Issue (i): Whether the break-up value method could be adopted for valuing unquoted shares for gift-tax purposes and whether a discount for restrictions on transfer of shares was permissible.
Analysis: Rule 10(2) of the Gift-tax Rules, 1958 points to valuation by reference to the value of the total assets of the company where that is ascertainable, and the accepted approach for unquoted shares in a private company is the break-up value method. The restriction on transfer contained in the articles depressed the realisable value of the shares, and the 15 per cent allowance reflected a recognised valuation adjustment rather than a mere concession. The fact that Rule 1D of the Wealth-tax Rules, 1957 is framed for wealth-tax purposes did not prevent reliance on the same recognised valuation principle for gift-tax valuation.
Conclusion: The break-up value method was correctly adopted and the discount for transfer restrictions was allowable, in favour of the assessee.
Issue (ii): Whether the sale of the shares was for inadequate consideration so as to attract a deemed gift under section 4(1)(a) of the Gift-tax Act, 1958.

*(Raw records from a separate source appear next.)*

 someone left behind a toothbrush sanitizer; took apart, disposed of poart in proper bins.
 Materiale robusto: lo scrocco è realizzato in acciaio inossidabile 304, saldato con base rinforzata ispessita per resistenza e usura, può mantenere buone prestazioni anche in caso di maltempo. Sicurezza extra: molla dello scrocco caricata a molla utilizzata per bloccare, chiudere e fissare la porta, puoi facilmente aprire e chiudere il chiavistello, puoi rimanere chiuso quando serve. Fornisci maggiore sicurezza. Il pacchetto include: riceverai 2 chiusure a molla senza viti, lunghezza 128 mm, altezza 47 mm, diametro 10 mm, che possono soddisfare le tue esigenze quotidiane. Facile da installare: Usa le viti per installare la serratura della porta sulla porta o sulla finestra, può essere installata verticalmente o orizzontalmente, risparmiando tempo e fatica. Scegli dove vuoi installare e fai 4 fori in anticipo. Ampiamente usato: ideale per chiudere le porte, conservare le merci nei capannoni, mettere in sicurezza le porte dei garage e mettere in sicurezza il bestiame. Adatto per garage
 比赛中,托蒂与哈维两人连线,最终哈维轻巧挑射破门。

Analysis: Section 4(1)(a) applies only where property is transferred otherwise than for adequate consideration, and adequacy is to be judged in the factual setting of the transaction. The price was supported by a recognised valuation basis, multiple transactions were effected at the same price, and there was no material showing that the consideration was sham, shocking, or otherwise unreasonable. The transaction therefore did not justify treating the difference as a gift.

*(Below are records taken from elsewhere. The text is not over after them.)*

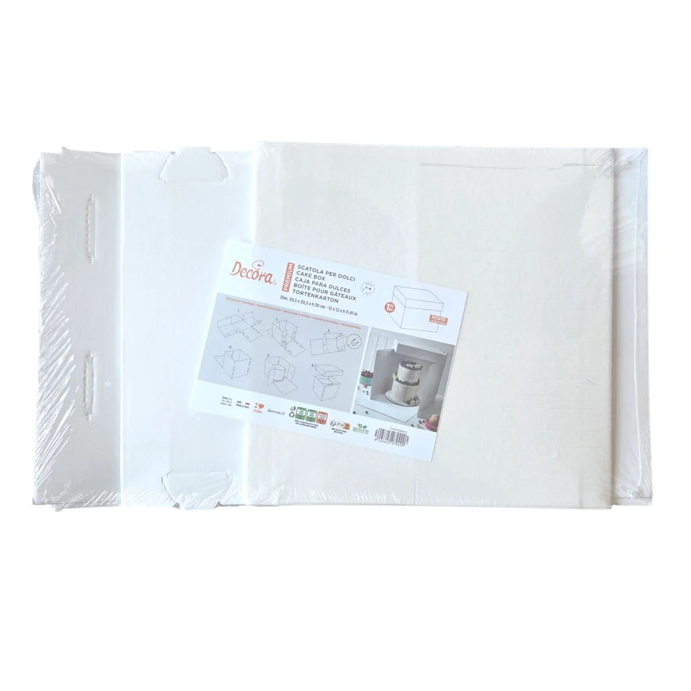 Profesjonalne dwuczęściowe pudełko na tort z innowacyjnym systemem otwierania 30x30x30 cm – model patentowy Decora – made in Italy
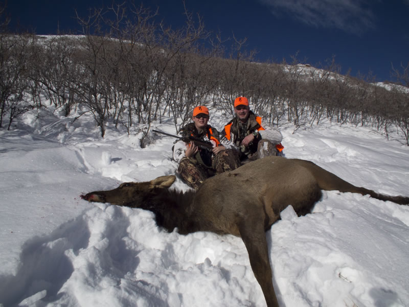 Dallen with his cow elk taken in 2010 with a Browning A-Bolt Stainless Hunter Laminate 243 WSSM using an 80g Barnes Tipped Triple Shock handload. |
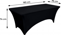 Potah MULTIGARDEN je navržen pro standardní banketní stoly 180 cm (6 ft) a okamžitě dodá vašemu prostředí profesionální a elegantní vzhled. Strečový materiál z polyesteru a spandexu pevně stáhne okraje i nohy stolu, takže vše zůstane na svém místě bez skluzů a záhybů.

Conclusion: The consideration was not shown to be inadequate and section 4(1)(a) was not attracted, in favour of the assessee.
Final Conclusion: The appellate orders cancelling the gift-tax assessments were sustained and the departmental appeals failed.
Ratio Decidendi: For unquoted shares in a private company, a recognised break-up valuation may be adopted with a discount for transfer restrictions, and a deemed gift under section 4(1)(a) arises only where inadequacy of consideration is established on the facts, not merely because a different valuation method might yield a higher figure.